Ambrose Bierce: The Devil's Dictionary, Tales, & Memoirs (LOA #219)

Download Ambrose Bierce: The Devil's Dictionary, Tales, & Memoirs (LOA #219) PDF Online Free

Author :
Publisher : Library of America
ISBN 13 : 1598531832
Total Pages : 1157 pages
Book Rating : 4.5/5 (985 download)

DOWNLOAD NOW!


Book Synopsis Ambrose Bierce: The Devil's Dictionary, Tales, & Memoirs (LOA #219) by : Ambrose Bierce

Download or read book Ambrose Bierce: The Devil's Dictionary, Tales, & Memoirs (LOA #219) written by Ambrose Bierce and published by Library of America. This book was released on 2011-09-01 with total page 1157 pages. Available in PDF, EPUB and Kindle. Book excerpt: A veteran of some of the bloodiest battles of the Civil War, Ambrose Bierce went on to become one of the darkest and most death haunted of American writers, the blackest of black humorists. This volume gathers the most celebrated and significant of Bierce's writings. In the Midst of Life (Tales of Soldiers and Civilians), his collection of short fiction about the Civil War, which includes the masterpieces "An Occurrence at Owl Creek Bridge" and "Chickamauga," is suffused with a fiercely ironic sense of the horror and randomness of war. Can Such Things Be? brings together "The Death of Halpin Frayser," "The Damned Thing," "The Moonlit Road," and other tales of terror that make Bierce the genre's most significant American practitioner between Poe and Lovecraft. The Devil's Dictionary, the brilliant lexicon of subversively cynical definitions on which Bierce worked for decades, displays to the full his corrosive wit. In Bits of Autobiography, the series of memoirs that includes the memorable "What I Saw of Shiloh," he recreates his experiences in the war and its aftermath. The volume is rounded out with a selection of his best uncollected stories. Acclaimed Bierce scholar S. T. Joshi provides detailed notes and a newly researched chronology of Bierce's life and mysterious disappearance. LIBRARY OF AMERICA is an independent nonprofit cultural organization founded in 1979 to preserve our nation’s literary heritage by publishing, and keeping permanently in print, America’s best and most significant writing. The Library of America series includes more than 300 volumes to date, authoritative editions that average 1,000 pages in length, feature cloth covers, sewn bindings, and ribbon markers, and are printed on premium acid-free paper that will last for centuries.

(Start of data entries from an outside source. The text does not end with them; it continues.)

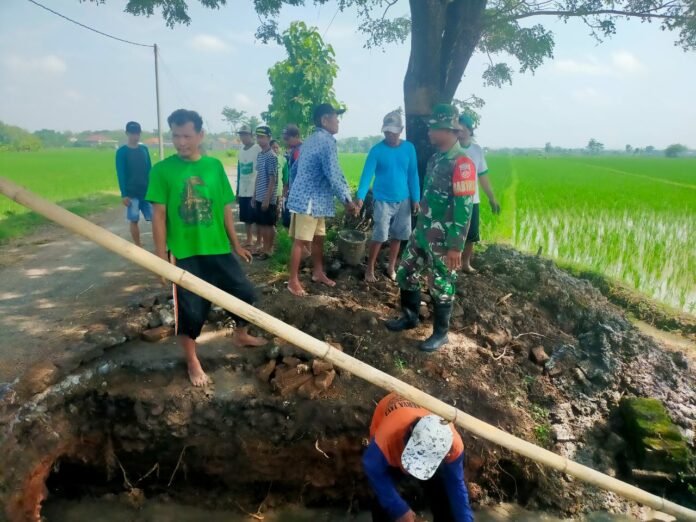 ACTUALNEWS.ID Sragen, Serda Tri Hartono Babinsa Bumiaji Anggota Koramil 06 /Gondang Kodim 0725/Sragen melaksanakan gotong royong bongkar pasang gorong- gorong bersama masyarakat di dukuh Ngabeyan RT 19 Ds. Bumiaji Kec. Gondang, Selasa ( 26/03/2024 )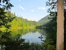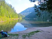 The lake is the fed by Cottonwood Creek, which has its source just south of the lake near Apex Summit at the Highway 6 turnoff for Whitewater Ski Resort.[2] The headwaters of the Salmo River are only a few metres away from that of Cottonwood Creek, which flows to the south to the Pend d’Oreille River.[3]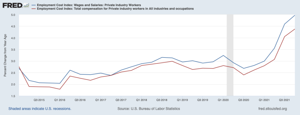 In his press conference following the December 2021 FOMC meeting, Chair Jerome Powell surprised some economists by discussing the importance of the employment cost index (ECI) in the committee’s evaluation of the current state of inflation. Powell was asked this question by a journalist: “I wonder if you could talk a little bit about what prompted your recent pivot toward greater wariness around inflation.” He responded, in part: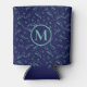Elegant can cooler with your monogram and an stylish hand drawn berry illustration in turquoise teal green on a navy blue background. The background colour can be changed to any colour you would like by clicking on the 'customise further' button. If you would like a design in different colours or on matching products, please contact us at aquipoppy@icloud.com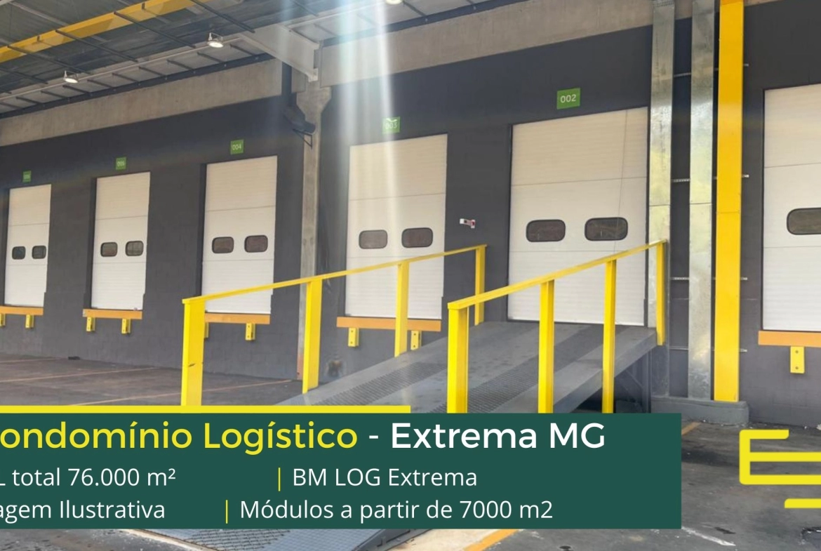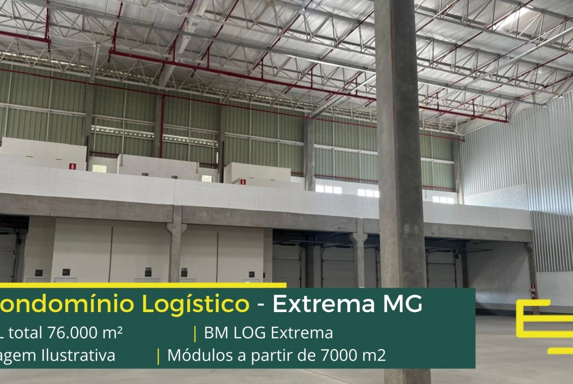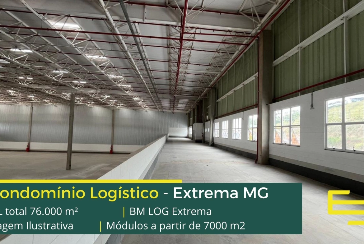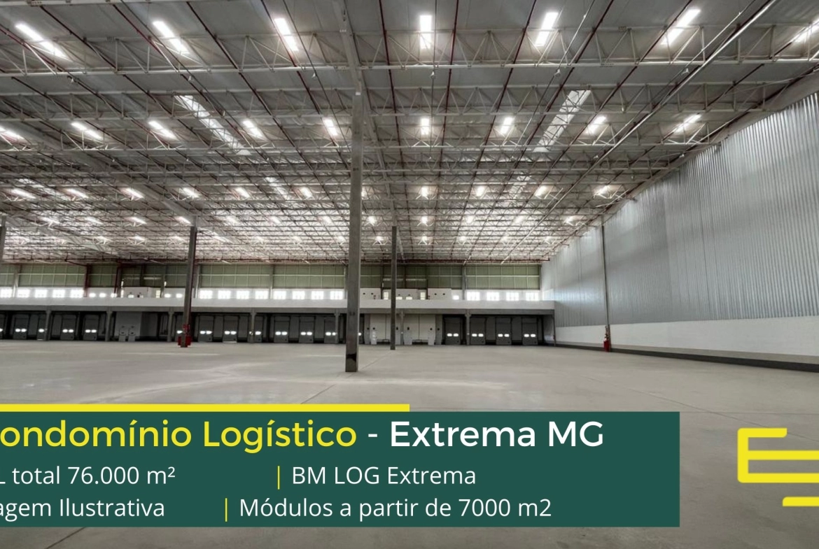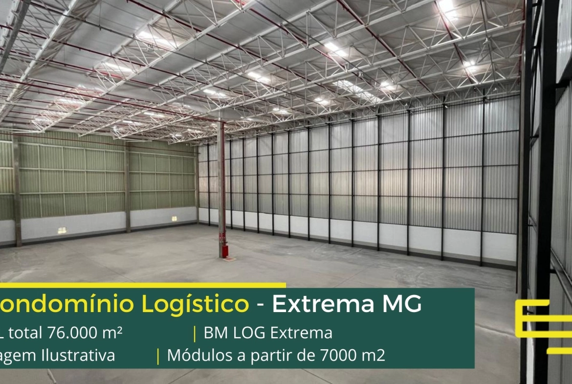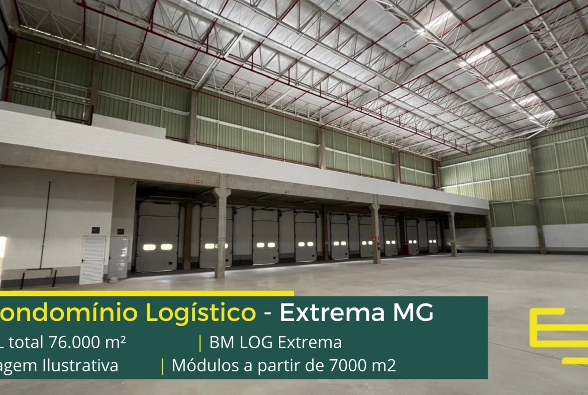 Galpão logístico para alugar em Extrema MG em condomínio com localização privilegiada, localizado a 2 min da Rodovia Fernão dias, próximo ao aeroporto de Bragança Paulista e com fácil acesso às cidades de Joanópolis e Vargem. O condomínio BM Log Extrema conta com área total locável de 76.878 m² e permite aluguel de galpões em Extrema a partir de 7000 m2.

Sherwood Anderson: Collected Stories (LOA #235)

Download Sherwood Anderson: Collected Stories (LOA #235) PDF Online Free

Author :
Publisher : Library of America
ISBN 13 : 1598532219
Total Pages : 928 pages
Book Rating : 4.5/5 (985 download)

DOWNLOAD NOW!


Book Synopsis Sherwood Anderson: Collected Stories (LOA #235) by : Sherwood Anderson

Download or read book Sherwood Anderson: Collected Stories (LOA #235) written by Sherwood Anderson and published by Library of America. This book was released on 2012-12-27 with total page 928 pages. Available in PDF, EPUB and Kindle. Book excerpt: In the winter of 1912, Sherwood Anderson (1876–1941) abruptly left his office and spent three days wandering through the Ohio countryside, a victim of “nervous exhaustion.” Over the next few years, abandoning his family and his business, he resolved to become a writer. Novels and poetry followed, but it was with the story collection Winesburg, Ohio that he found his ideal form, remaking the American short story for the modern era. Hart Crane, one of the first to recognize Anderson’s genius, quickly hailed his accomplishment: “America should read this book on her knees.” Here––for the first time in a single volume––are all the collections Anderson published during his lifetime: Winesburg, Ohio (1919), The Triumph of the Egg (1921), Horses and Men (1923), and Death in the Woods (1933), along with a generous selection of stories left uncollected or unpublished at his death. Exploring the hidden recesses of small town life, these haunting, understated, often sexually frank stories pivot on seemingly quiet moments when lives change, futures are recast, and pasts come to reckon. They transformed the tone of American storytelling, inspiring writers like Hemingway, Faulkner, and Mailer, and defining a tradition of midwestern fiction that includes Charles Baxter, editor of this volume. LIBRARY OF AMERICA is an independent nonprofit cultural organization founded in 1979 to preserve our nation’s literary heritage by publishing, and keeping permanently in print, America’s best and most significant writing. The Library of America series includes more than 300 volumes to date, authoritative editions that average 1,000 pages in length, feature cloth covers, sewn bindings, and ribbon markers, and are printed on premium acid-free paper that will last for centuries.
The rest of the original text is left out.